| Prompt |
The lines below, from the one containing "Torbole, Hotel Lago" through the one containing "מקדח ראש שיוף", should be set down exactly, with no pictures and nothing else.

START Raw data

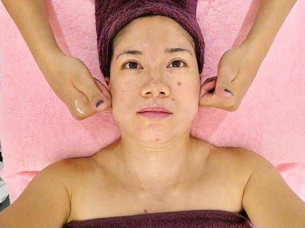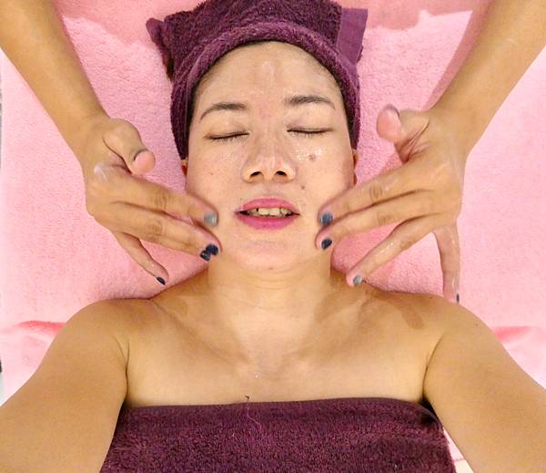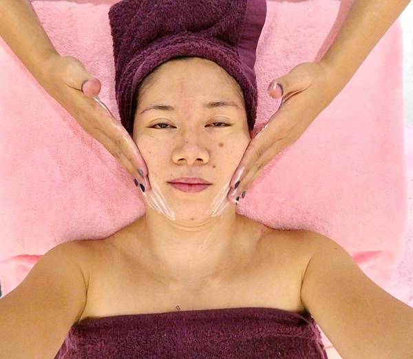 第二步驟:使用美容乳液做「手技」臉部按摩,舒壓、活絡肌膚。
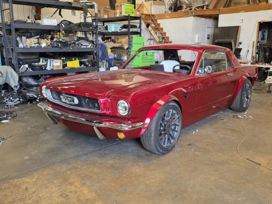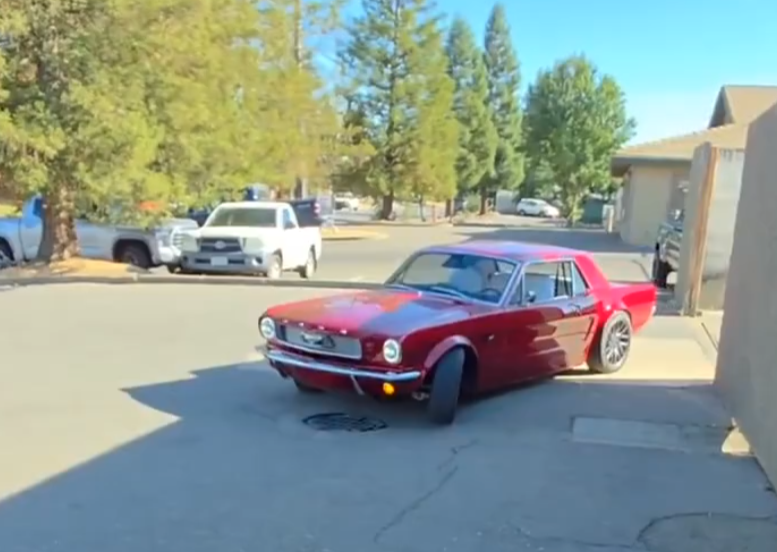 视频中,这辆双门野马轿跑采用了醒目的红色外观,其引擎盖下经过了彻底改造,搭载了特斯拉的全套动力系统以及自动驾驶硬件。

END Raw data
START Raw data

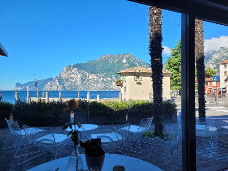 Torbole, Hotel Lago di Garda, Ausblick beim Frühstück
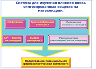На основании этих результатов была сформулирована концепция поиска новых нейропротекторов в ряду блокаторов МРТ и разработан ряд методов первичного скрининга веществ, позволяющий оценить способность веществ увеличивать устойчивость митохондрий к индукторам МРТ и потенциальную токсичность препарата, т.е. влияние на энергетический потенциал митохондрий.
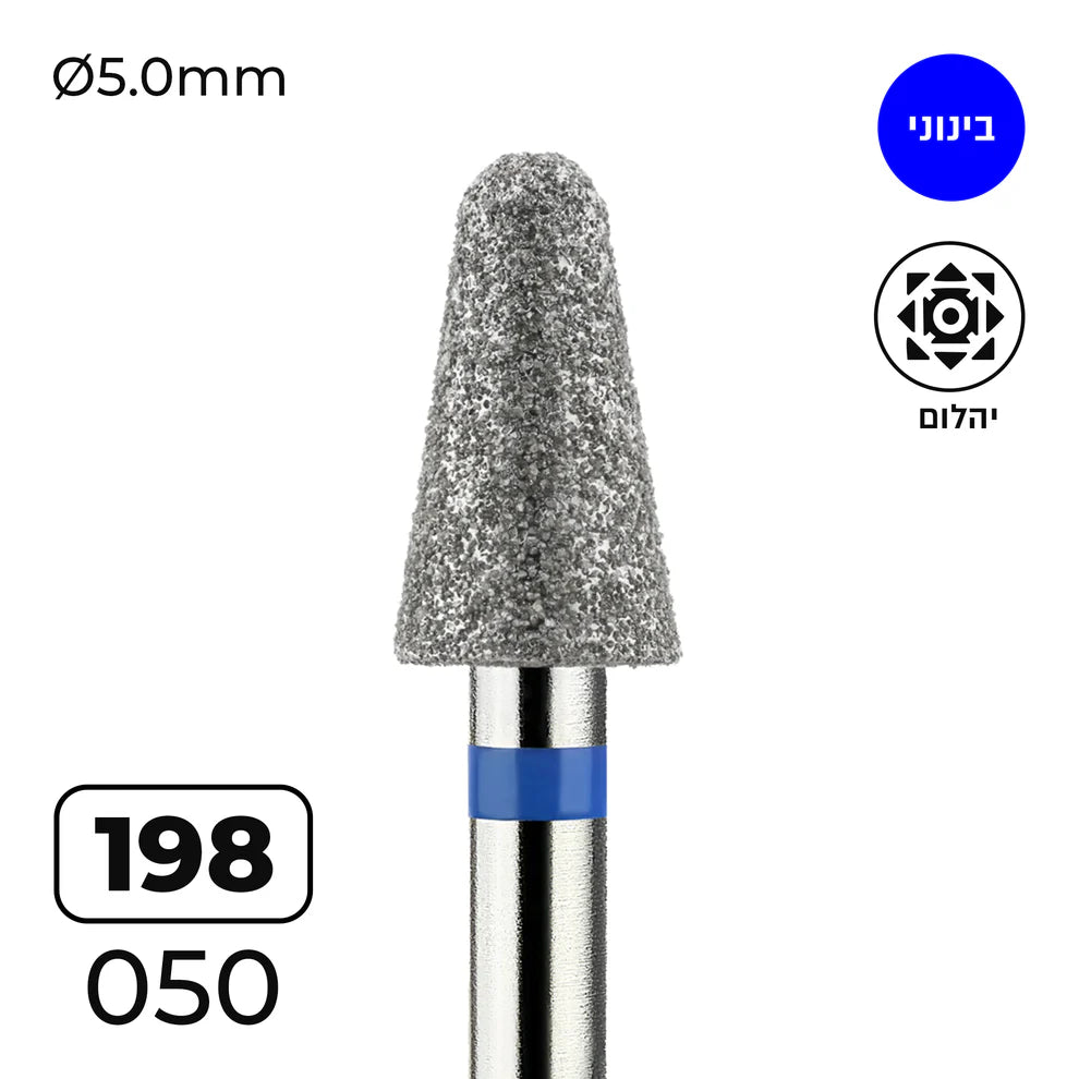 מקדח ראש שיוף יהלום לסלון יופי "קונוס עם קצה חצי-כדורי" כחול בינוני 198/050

END Raw data

| Answer for this exercise |
 Torbole, Hotel Lago di Garda, Ausblick beim Frühstück
На основании этих результатов была сформулирована концепция поиска новых нейропротекторов в ряду блокаторов МРТ и разработан ряд методов первичного скрининга веществ, позволяющий оценить способность веществ увеличивать устойчивость митохондрий к индукторам МРТ и потенциальную токсичность препарата, т.е. влияние на энергетический потенциал митохондрий.
 מקדח ראש שיוף יהלום לסלון יופי "קונוס עם קצה חצי-כדורי" כחול בינוני 198/050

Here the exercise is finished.